◆ **WHAT THIS TASK INVOLVES**
Retype word for word the stretch of entries below from the line that has "- Korekcija slike: Uređaj" through the line that has "襟フリルリブニットとシャギーチェック柄ナロー/スカートのSET☆", and omit the pictures.
** STUDY MATERIAL follows **
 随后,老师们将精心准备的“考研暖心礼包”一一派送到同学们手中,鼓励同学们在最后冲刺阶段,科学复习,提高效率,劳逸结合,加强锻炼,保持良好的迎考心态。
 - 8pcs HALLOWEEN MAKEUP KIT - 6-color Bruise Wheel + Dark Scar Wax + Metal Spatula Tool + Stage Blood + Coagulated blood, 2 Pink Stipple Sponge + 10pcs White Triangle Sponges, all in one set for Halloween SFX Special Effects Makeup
** End of STUDY MATERIAL **
** STUDY MATERIAL follows **
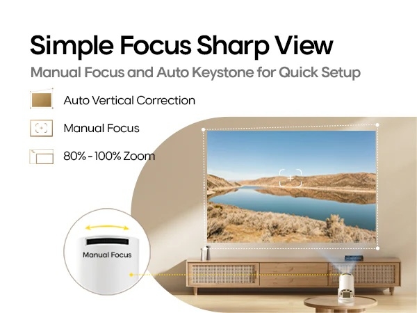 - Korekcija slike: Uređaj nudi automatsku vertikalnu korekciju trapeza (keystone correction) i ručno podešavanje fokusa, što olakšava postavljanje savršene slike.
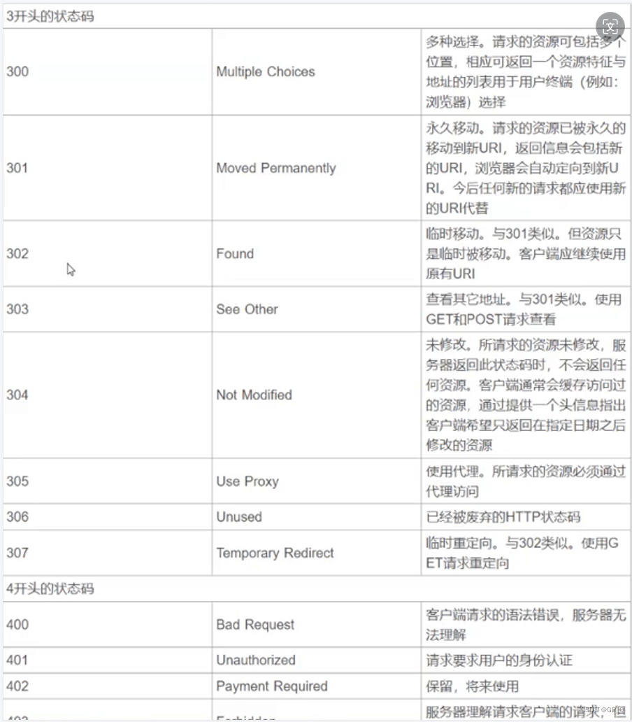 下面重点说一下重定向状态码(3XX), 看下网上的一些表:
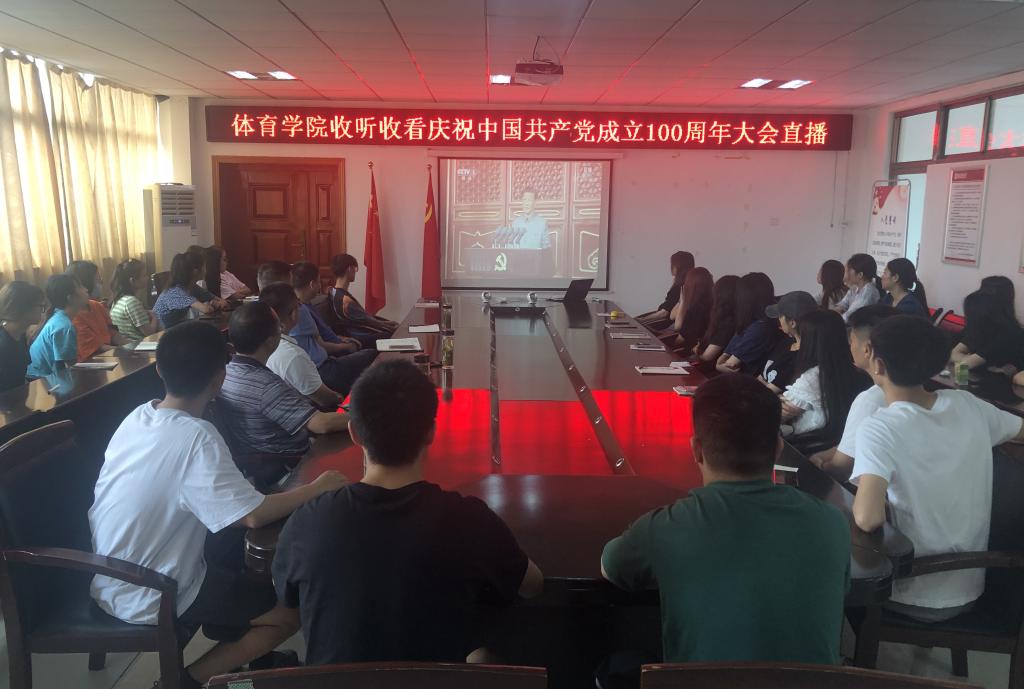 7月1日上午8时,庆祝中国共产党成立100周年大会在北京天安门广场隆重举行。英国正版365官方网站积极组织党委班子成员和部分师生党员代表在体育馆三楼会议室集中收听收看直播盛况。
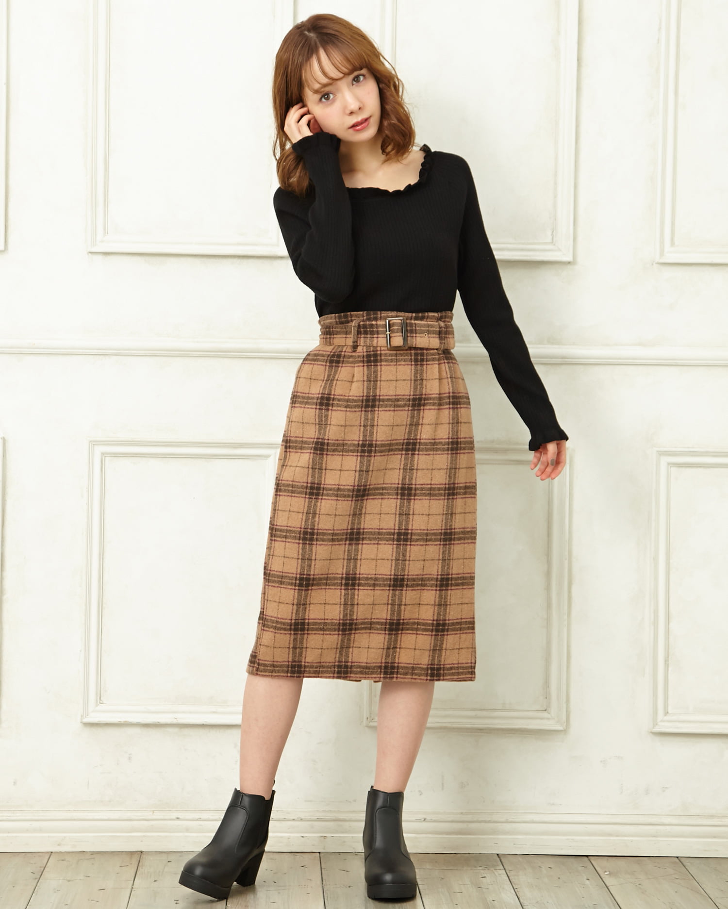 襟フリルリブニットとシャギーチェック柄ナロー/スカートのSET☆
** End of STUDY MATERIAL **
** STUDY MATERIAL follows **
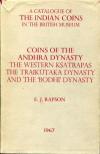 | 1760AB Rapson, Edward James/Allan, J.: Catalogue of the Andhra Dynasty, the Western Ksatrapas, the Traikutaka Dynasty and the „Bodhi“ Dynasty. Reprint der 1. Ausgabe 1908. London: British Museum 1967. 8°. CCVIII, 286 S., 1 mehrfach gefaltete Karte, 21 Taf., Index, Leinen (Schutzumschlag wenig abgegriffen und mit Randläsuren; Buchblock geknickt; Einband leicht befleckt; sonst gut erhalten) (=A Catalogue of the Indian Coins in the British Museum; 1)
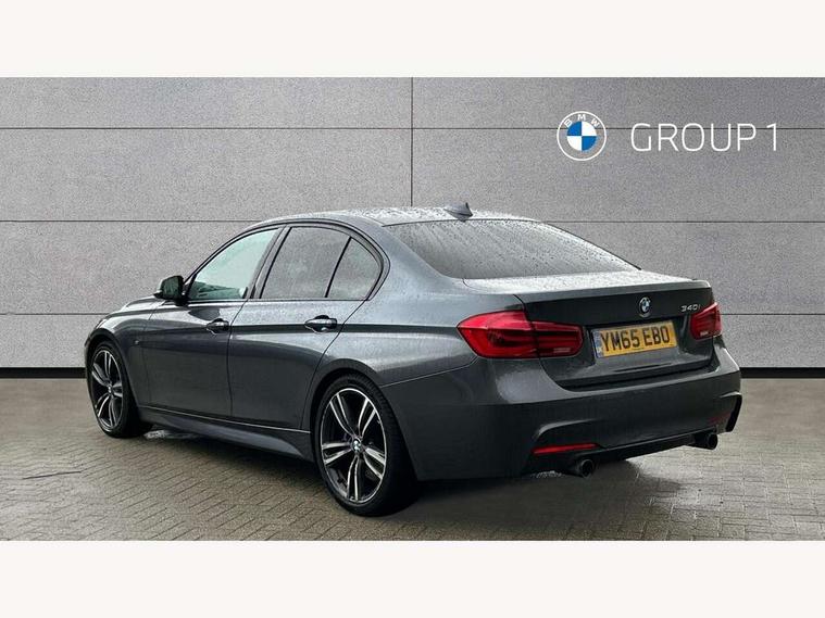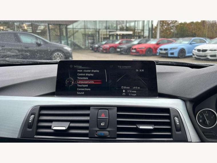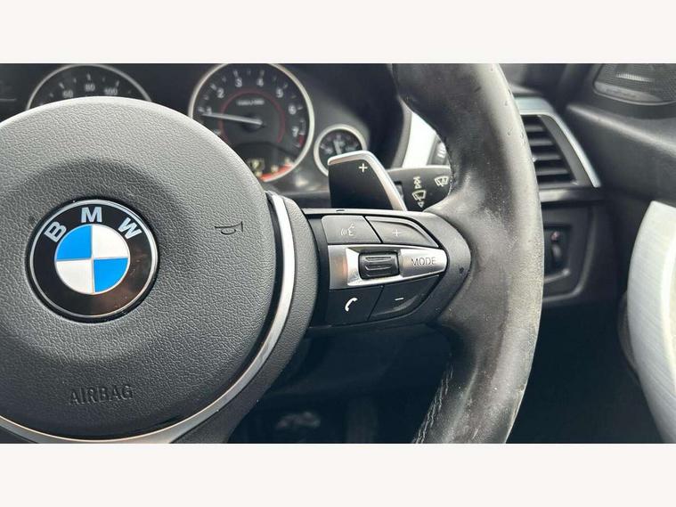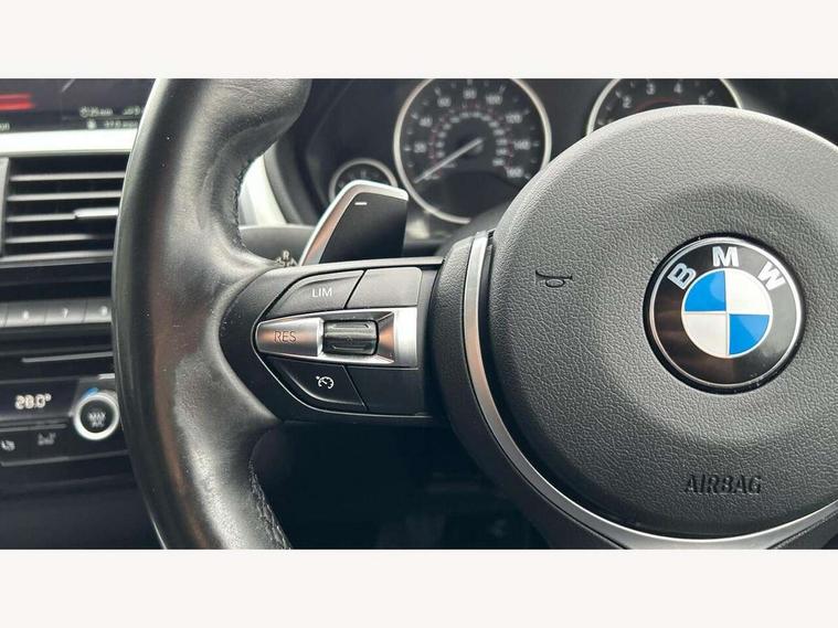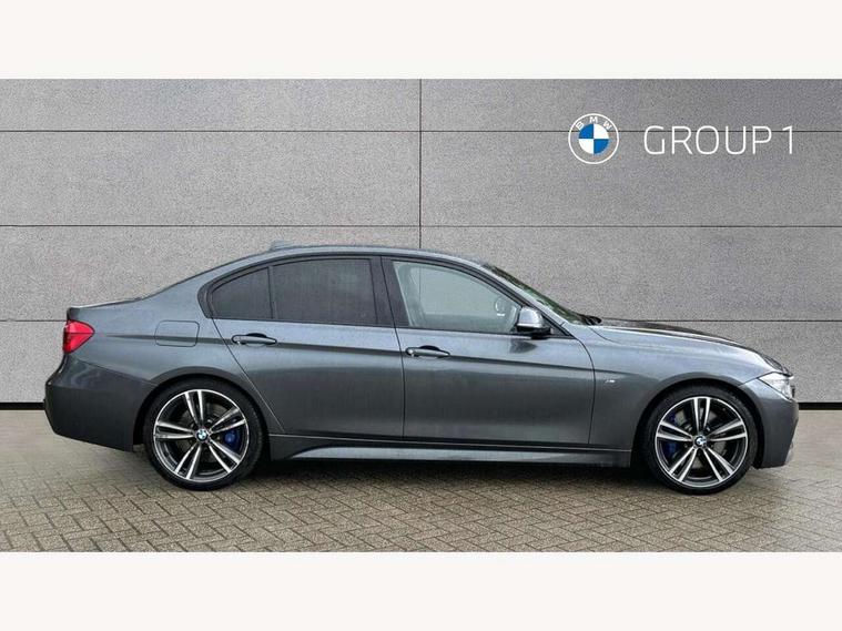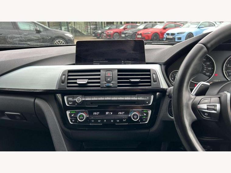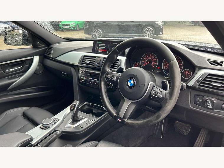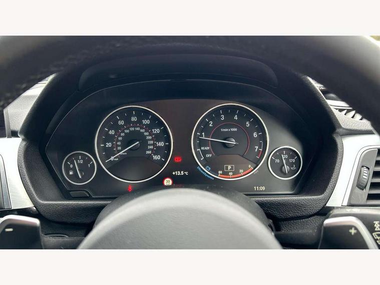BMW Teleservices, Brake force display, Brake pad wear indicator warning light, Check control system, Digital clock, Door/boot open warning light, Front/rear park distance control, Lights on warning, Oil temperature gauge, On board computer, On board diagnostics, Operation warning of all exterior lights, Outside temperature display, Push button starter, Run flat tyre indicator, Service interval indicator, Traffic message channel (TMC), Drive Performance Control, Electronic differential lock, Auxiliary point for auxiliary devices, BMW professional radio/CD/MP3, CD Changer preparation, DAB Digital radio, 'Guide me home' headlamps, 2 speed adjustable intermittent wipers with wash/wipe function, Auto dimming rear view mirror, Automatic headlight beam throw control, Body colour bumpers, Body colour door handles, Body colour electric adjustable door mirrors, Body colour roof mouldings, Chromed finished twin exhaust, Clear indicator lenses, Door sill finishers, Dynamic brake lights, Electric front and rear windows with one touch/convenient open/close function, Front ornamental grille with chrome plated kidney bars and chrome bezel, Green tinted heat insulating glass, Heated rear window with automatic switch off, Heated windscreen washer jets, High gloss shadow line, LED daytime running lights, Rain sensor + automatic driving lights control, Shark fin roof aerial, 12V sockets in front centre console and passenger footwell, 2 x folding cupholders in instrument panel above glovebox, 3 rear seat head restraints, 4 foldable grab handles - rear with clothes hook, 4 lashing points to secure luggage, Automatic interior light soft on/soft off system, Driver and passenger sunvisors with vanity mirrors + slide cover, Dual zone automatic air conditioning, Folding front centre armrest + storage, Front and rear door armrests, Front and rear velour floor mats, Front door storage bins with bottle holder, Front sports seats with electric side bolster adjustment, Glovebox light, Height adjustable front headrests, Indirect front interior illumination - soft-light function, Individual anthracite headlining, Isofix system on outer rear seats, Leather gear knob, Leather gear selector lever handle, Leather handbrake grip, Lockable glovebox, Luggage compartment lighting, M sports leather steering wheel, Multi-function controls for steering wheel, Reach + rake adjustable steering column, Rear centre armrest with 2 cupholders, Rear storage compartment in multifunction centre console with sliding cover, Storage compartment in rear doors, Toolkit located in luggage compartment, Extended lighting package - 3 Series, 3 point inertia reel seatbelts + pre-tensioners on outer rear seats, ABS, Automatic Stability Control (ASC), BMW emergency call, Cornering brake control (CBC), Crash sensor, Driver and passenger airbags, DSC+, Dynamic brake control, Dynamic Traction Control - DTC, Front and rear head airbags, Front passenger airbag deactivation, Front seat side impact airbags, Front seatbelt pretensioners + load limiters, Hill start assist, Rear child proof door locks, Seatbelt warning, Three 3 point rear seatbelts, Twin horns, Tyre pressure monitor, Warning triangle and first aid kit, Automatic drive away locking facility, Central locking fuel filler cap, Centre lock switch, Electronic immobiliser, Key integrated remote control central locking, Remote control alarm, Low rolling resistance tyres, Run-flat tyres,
** End of STUDY MATERIAL **
◆ **COMPLETED EXERCISE**
 - Korekcija slike: Uređaj nudi automatsku vertikalnu korekciju trapeza (keystone correction) i ručno podešavanje fokusa, što olakšava postavljanje savršene slike.
 下面重点说一下重定向状态码(3XX), 看下网上的一些表:
 7月1日上午8时,庆祝中国共产党成立100周年大会在北京天安门广场隆重举行。英国正版365官方网站积极组织党委班子成员和部分师生党员代表在体育馆三楼会议室集中收听收看直播盛况。
 襟フリルリブニットとシャギーチェック柄ナロー/スカートのSET☆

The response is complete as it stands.